If you are not using the default embedded Derby database for Sqoop 2, back up the database you have configured for Sqoop 2. Otherwise, back up the repository subdirectory of the Sqoop 2 metastore directory. This location is specified with the Sqoop 2 Server Metastore Directory property. The default location is: /var/lib/sqoop2. For this default location, Derby database files are located in /var/lib/sqoop2/repository.

Backing Up Hue

  1. Back up the Hue database. See Backing up Databases.
  2. Back up the app registry file, <HUE_HOME>/app.reg, where HUE_HOME is the location of your Hue installation. For package installs, this is usually /usr/lib/hue; for parcel installs, this is usually, /opt/cloudera/parcels/<parcel version>/lib/hue/.

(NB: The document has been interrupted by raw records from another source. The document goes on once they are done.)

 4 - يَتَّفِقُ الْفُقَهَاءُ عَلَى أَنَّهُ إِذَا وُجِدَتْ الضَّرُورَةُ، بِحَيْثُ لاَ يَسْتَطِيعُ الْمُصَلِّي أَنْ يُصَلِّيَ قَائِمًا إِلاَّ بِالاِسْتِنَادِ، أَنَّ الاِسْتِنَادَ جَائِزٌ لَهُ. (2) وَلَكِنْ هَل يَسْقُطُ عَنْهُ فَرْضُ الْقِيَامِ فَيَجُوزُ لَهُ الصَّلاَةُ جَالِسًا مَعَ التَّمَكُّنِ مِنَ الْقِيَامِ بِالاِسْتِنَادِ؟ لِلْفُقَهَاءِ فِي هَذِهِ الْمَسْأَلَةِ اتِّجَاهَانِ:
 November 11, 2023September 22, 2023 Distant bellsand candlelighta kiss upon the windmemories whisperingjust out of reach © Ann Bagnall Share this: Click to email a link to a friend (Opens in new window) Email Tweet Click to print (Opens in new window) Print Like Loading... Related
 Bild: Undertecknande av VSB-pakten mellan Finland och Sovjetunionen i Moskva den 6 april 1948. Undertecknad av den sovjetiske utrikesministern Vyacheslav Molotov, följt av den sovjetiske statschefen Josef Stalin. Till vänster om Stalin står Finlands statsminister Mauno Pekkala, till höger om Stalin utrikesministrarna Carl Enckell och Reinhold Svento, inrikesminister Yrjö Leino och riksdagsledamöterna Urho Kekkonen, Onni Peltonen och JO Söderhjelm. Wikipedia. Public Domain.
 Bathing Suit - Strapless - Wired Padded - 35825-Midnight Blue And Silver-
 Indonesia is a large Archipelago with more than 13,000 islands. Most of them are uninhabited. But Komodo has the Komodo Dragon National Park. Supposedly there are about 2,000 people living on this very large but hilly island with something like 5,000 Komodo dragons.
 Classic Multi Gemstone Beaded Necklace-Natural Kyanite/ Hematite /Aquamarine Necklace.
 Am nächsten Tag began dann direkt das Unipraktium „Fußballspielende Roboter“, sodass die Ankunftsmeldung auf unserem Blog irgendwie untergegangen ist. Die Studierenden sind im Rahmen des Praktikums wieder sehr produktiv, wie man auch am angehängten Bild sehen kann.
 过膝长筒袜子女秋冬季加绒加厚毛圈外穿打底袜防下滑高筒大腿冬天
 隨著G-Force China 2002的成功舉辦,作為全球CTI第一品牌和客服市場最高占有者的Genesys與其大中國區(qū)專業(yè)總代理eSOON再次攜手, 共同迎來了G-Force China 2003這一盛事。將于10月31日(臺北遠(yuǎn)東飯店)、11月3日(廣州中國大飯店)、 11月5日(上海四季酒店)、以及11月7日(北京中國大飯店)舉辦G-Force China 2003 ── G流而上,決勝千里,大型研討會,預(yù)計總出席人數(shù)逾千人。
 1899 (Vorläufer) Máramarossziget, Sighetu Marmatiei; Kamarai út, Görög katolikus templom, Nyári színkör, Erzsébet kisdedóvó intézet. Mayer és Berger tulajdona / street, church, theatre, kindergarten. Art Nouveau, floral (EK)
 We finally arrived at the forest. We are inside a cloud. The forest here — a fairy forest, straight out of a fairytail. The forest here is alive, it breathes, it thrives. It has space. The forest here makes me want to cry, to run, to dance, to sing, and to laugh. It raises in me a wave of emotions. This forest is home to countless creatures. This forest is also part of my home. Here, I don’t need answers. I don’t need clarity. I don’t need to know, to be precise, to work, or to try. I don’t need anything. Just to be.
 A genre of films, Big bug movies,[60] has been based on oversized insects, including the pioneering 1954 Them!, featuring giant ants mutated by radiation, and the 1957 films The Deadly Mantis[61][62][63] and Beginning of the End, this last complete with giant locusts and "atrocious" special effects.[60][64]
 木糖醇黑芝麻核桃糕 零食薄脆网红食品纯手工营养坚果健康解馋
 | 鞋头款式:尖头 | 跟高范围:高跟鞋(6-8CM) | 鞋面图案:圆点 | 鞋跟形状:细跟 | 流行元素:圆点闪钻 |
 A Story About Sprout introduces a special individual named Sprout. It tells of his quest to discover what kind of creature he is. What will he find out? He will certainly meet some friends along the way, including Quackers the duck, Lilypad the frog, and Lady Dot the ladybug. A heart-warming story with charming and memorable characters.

Backing Up Cloudera Manager

  1. Stop Cloudera Management Services using Cloudera Manager:
    1. Select Clusters > Cloudera Management Service.
    2. Select Actions > Stop.
  2. Stop Cloudera Manager Server by running the following command on the Cloudera Manager Server host:
    sudo service cloudera-scm-server stop
  3. On the host where Cloudera Manager Server is running, back up the /etc/cloudera-scm-server/db.properties file.
  4. On the host where the Event Server role is configured to run, back up the contents of the directory specified with the Event Server Index Directory property (the default value is /var/lib/cloudera-scm-eventserver).
  5. Back up the /etc/cloudera-scm-agent/config.ini file on each host in the cluster.
  6. Back up the following Cloudera Manager-related databases; see Backing up Databases:
    • Cloudera Manager Server
    • Activity Monitor (depending on your deployment, this role may not be installed)
    • Reports Manager
    • Service Monitor
    • Host Monitor
    • Navigator Audit Server
    • Navigator Metadata Server

Backing Up Other CDH Components

No backups are required for the following components:
  • MapReduce
  • YARN
  • Spark
  • Pig
  • Sqoop
  • Impala

Backing up Databases

Several steps in the backup procedures require you to back up various databases used in a CDH cluster. The steps for backing up and restoring databases differ depending on the database vendor and version you select for your cluster and are beyond the scope of this document.